Thursday, 23 November 2017

The earliest wheats of Ukraine (5400 BC)

The eastern areas of Europe and their transition to the steppe that lead to Central Asia remains one of the less well-studied regions archaeobotanically. The sparseness of reliable evidence has meant that the region is sometime discussed in terms of an alternative eastern source of crops from Europe, in addition to the main thrust from Anatolia through Greece and the Balkans, and it is sometimes mooted as a region of some crop origins, such as spelt wheat. New data is always welcome, especially of a high empirical calibre, from systematic sampling and backed up by AMS dating.
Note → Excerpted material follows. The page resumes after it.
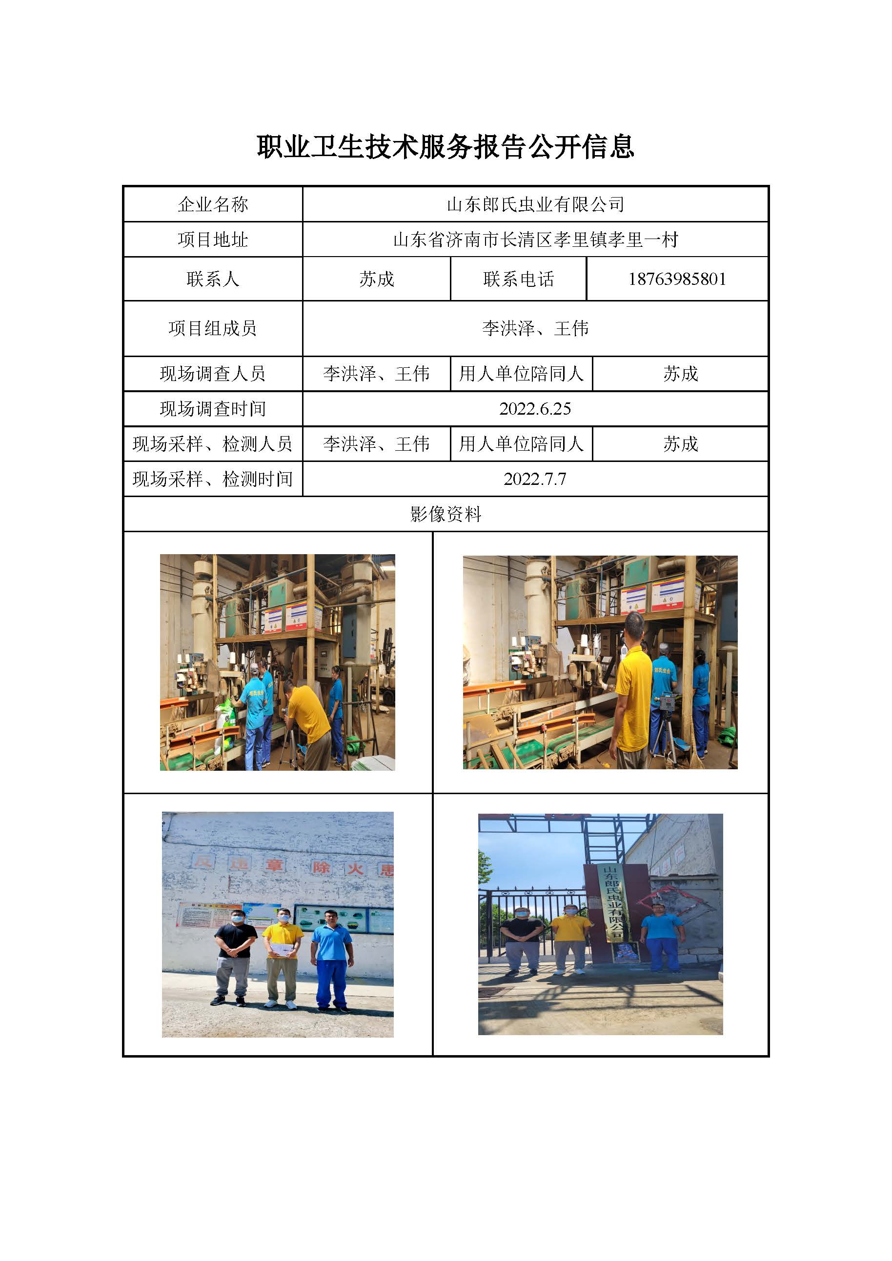 ZBZY22-DQ-039山东郎氏虫业有限公司职业病危害因素定期检测公开信息
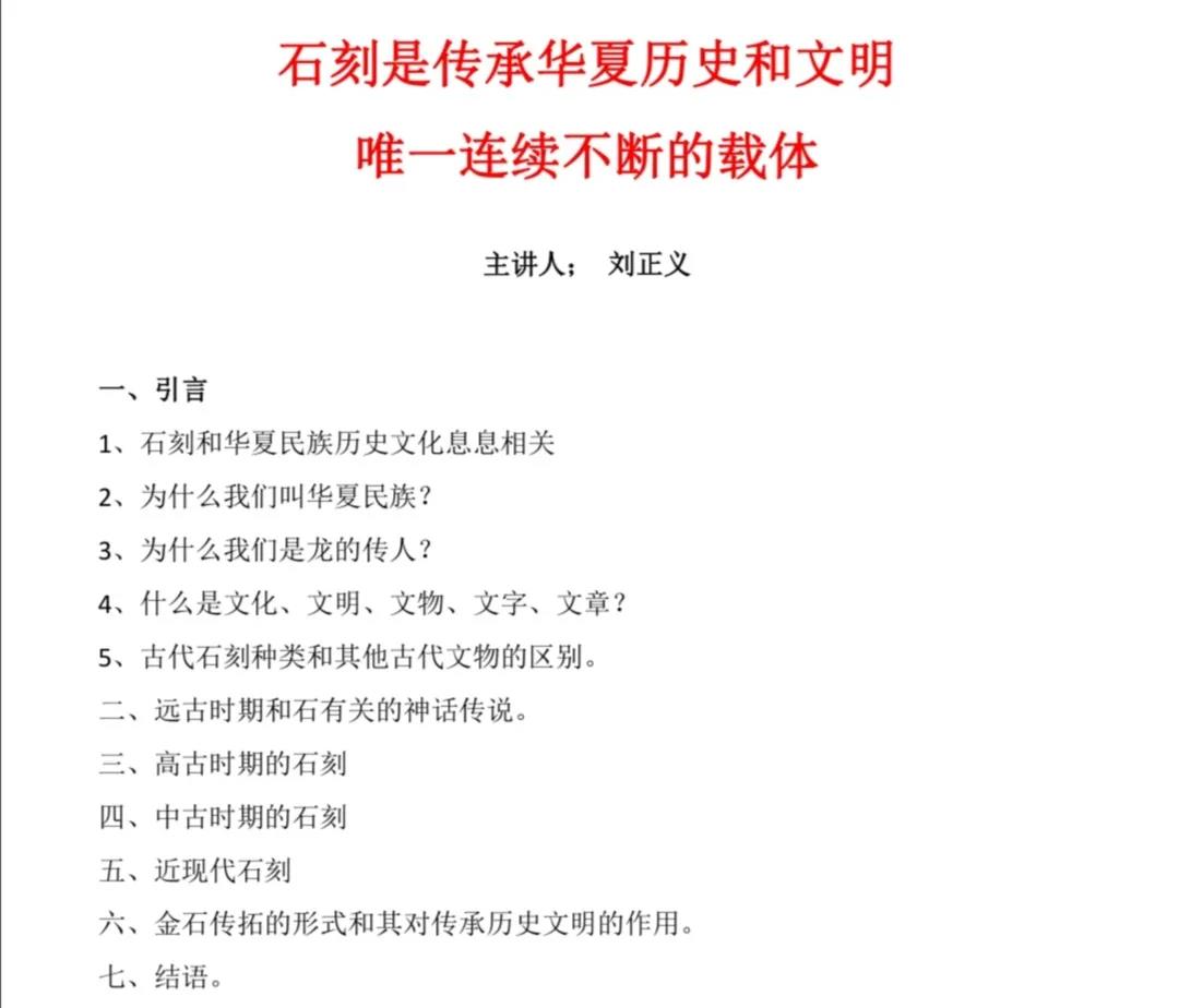 主讲人刘正义先生从远古、高古、中古和近现代人类发展各个历史时期,深刻地阐述了石刻和人类历史、文化、文明的关系,以大量的实物证据证明了《石刻,是传承华夏历史和文明连续不断的载体》的主题思想,受到了与会者的认可和褒扬。特别是关于“盘古开天地”、“女娲补天”等远古神话和“文化、文明、文物、文字、文章”的解读及“华夏”、“龙的传人”、“门挡户对”的由来,更是别开生面、引起了大家的极大兴趣。

New data from the Ratniv-2 site in Western Ukraine, near the eastern frontiers of the Linear Pottery (LBK) culture, has been published by Motuzaite Matuzeviciute and Telizhenko in Archaeologia Lituana. This is an important record of early crops, and as the authors point out, it clearly points to similarities to the West and Southwest in Neolithic  Europe and suggest a spread towards Ukraine from the West in the Neolithic, rather than the east. The assemblage consists of wheats, barley, flax, lentil and pea. Two direct AMS radiocarbon dates on emmer wheat grains place these assemblages between 5400 and 5200 cal.BC. Of particular interest is that the wheats here include not just einkorn and emmer but apparently at some of the socalled "new type glume wheat," which these and other authors sometimes equate with Triticum timopheevi, and 20th century relict wheat found north of the Caucasus (western Georgia). That the archaeological "new type" has the AAGG genome of timopheevi remains unproven-- although I agree it is likely. It is perhaps more accurate to regard T. timopheevi as the relict remnant of what was a once a much more diverse and widespread species of wheat, which in all likelihood originated in the Anatolia and spread through many part of Europe and east through northern Iran in the Neolithic. I have sometimes offered the name "striate emmeroid" as a descriptive alternative to  "new type", as it is hard to think of something that has been largely extinct since the Bronze Age as new, and this wheat type has been in discussion by archaeobotanists for around 20 years...

In any case, what is notable about this assemblage is that is corresponds to those crops that are most common in the Neolithic of southwest Europe, supporting the ceramic and settlement evidence that attributes to the origins of agriculture in western Ukraine to spread from the west.